## THE PROBLEM
With the pictures left out, retype exactly the lines below starting at the line that contains "Architectural innovation functions" and ending at the line that contains "有用戶在使用信管飛出納記賬軟".

## DATA SUPPLIED
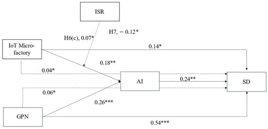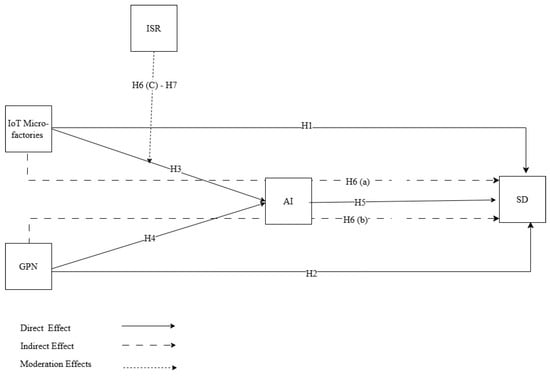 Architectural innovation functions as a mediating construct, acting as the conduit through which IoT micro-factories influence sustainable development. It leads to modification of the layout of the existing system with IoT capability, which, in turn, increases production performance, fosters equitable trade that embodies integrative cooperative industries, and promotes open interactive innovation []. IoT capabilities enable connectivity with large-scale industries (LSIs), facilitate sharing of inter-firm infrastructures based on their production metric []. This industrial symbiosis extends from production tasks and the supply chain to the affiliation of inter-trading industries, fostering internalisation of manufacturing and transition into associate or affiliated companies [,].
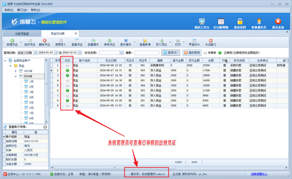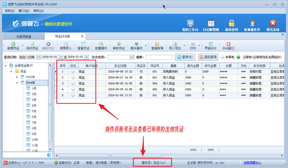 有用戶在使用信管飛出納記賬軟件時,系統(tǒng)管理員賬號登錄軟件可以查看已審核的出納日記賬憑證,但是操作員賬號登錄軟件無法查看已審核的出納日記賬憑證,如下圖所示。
--
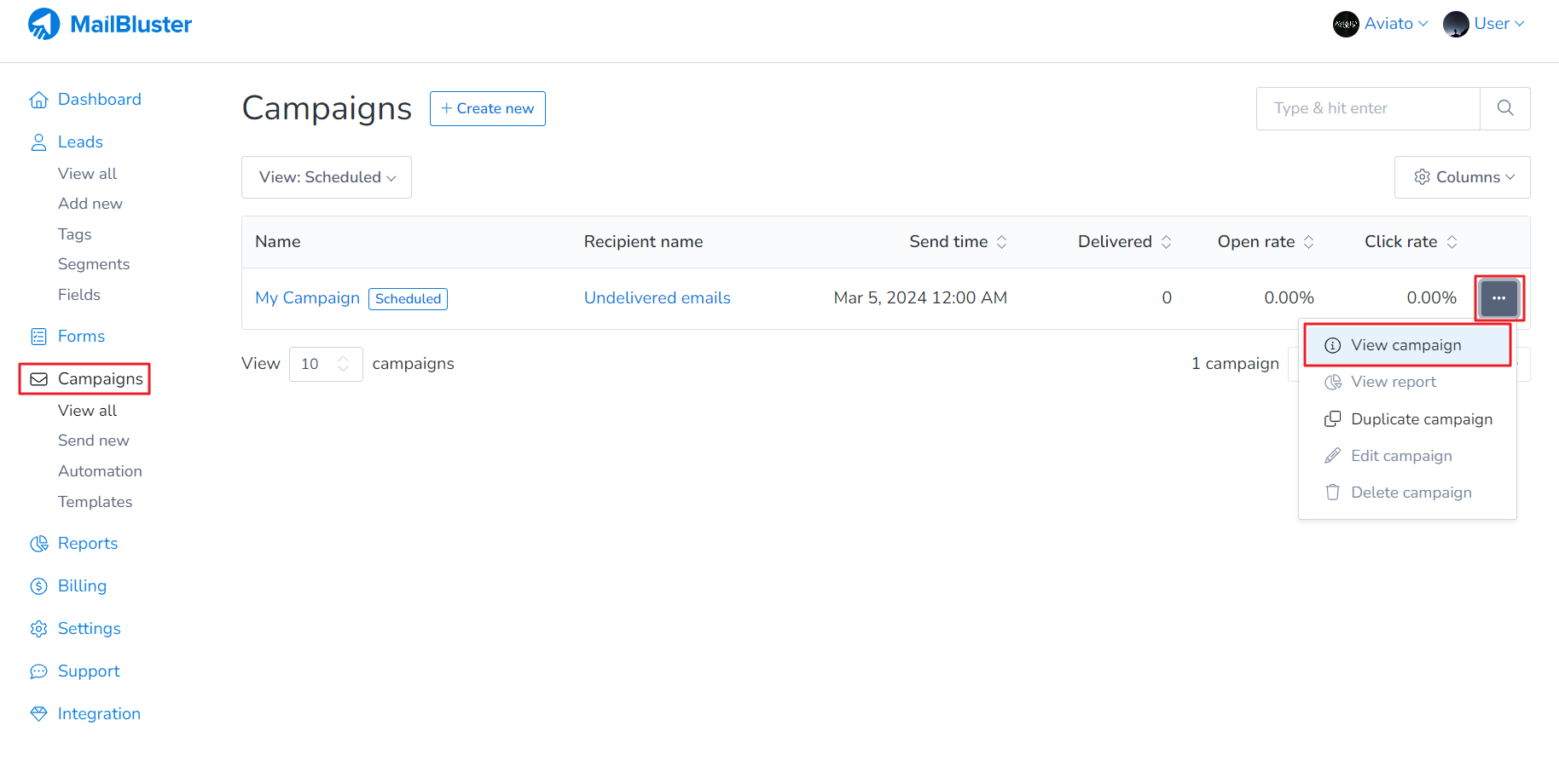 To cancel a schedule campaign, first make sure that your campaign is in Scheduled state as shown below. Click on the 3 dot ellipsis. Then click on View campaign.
* * *
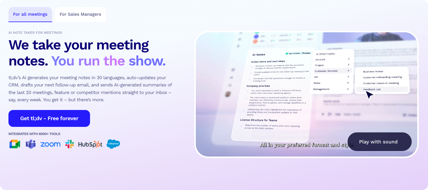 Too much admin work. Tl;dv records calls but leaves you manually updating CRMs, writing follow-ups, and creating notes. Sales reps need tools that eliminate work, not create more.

## RESPONSE TO THIS EXERCISE
 Architectural innovation functions as a mediating construct, acting as the conduit through which IoT micro-factories influence sustainable development. It leads to modification of the layout of the existing system with IoT capability, which, in turn, increases production performance, fosters equitable trade that embodies integrative cooperative industries, and promotes open interactive innovation []. IoT capabilities enable connectivity with large-scale industries (LSIs), facilitate sharing of inter-firm infrastructures based on their production metric []. This industrial symbiosis extends from production tasks and the supply chain to the affiliation of inter-trading industries, fostering internalisation of manufacturing and transition into associate or affiliated companies [,].
 有用戶在使用信管飛出納記賬軟件時,系統(tǒng)管理員賬號登錄軟件可以查看已審核的出納日記賬憑證,但是操作員賬號登錄軟件無法查看已審核的出納日記賬憑證,如下圖所示。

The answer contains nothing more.